Downstream Hazards
Any published author will tell you that the work you put into writing a book doesn’t stop with the final edit. It also doesn’t stop with social posts, touring, or podcasts. In fact, publishing can contain downstream hazards.
Before I released my memoir, Last Nerve, the publisher advised me to ask people to buy the book on the release day. Apparently, it’s important to get those Amazon purchases on pub day because, if all goes right, you can gain a “Best Seller” accolade from the shopping website.
Done and done. I created a newsletter, sent it out to 500 people, and asked folks to buy on pub day. They did, and my book became an Amazon best-seller overnight! Great, right? Wrong. Within a week of my release date, I typed my name into the Amazon search bar to check my reviews. Last Nerve was shining its bright red cover on the site, but so was another book: The Biography of Mindy Uhrlaub. On the cover was a back-and-white picture of someone that looked a little like my offspring if I had a baby with a young Janis Joplin. She wore a tailored black business suit – something I’ve never owned. She had a self-satisfied smile on her face, and she looked a little bitchy.
What the fuck?
I called my publisher, who consulted with her legal team. In the meantime, I investigated the Amazon site and realized that the entity that “wrote” the so-called biography shared the first two pages. I clicked on the sample to learn that I was born in Northern California. In a library, surrounded by books. Apparently, I’m also dying of ALS.

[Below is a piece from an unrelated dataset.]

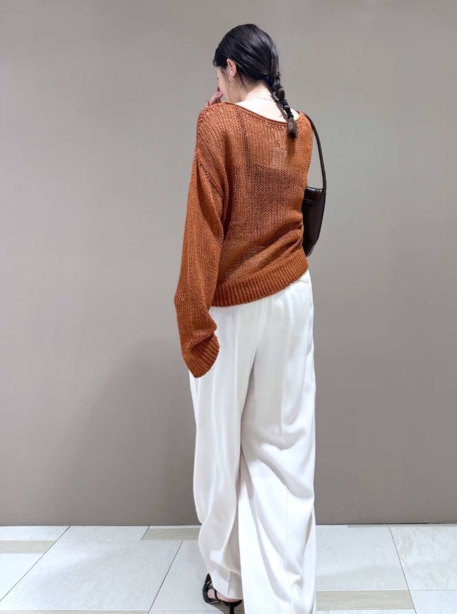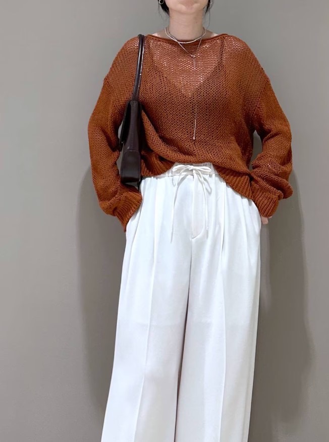 ชุดสุดเก๋ชิ้นนี้ผสมผสานผ้าไหมถักเนื้อบางยอดนิยมในสีใหม่เข้ากับกางเกงสีสดใส เหมาะสำหรับช่วงเปลี่ยนฤดู! ผ้าถักโปร่งเป็นสีน้ำตาลอมส้มเข้ม ให้ความรู้สึกเหมือนฤดูใบไม้ร่วงอย่างแท้จริง! เนื้อผ้าโปร่งเบา ไม่รู้สึกหนักผิว และสีก็เข้ากับกางเกงสีอะไรก็ได้ง่าย ^ ^ วัสดุผ้าไหม 100% ทำให้สวมใส่สบายได้ตลอดทั้งปี

“What other lies are in here?” I thought.
With some additional clicking, I noted that the entity had “written” three other counterfeit books about new authors. Stunned, I Googled the so-called "creator” of my bogus biography. It wasn’t a person. It wasn’t even a company. This was an AI that someone created to scrape information from Amazon and profit from a fake book. And they even had the gall to charge three dollars more for their digital sham than I was asking for my paperback!
I emailed Amazon more than a dozen times and begged them to remove the fake listing. And when I called, I was greeted by an AI voice on the phone.
No surprise there.
Then I joined the Authors Guild of America, who seemed familiar with the growing number of cases of fraudulent AI biographies. They assured me that within a month, Amazon would take down the listing.
And it did. Luckily, nobody bought the fake biography, and no one reviewed it either. But I couldn’t help wondering, is it enough to write and promote my book? In the face of an AI future, will my work ever be done? In a world where AI can “write books,” from an Amazon listing, what’s even the point?
If you’re nearing your pub date, congratulations. And beware of Amazon, which can contain downstream hazards.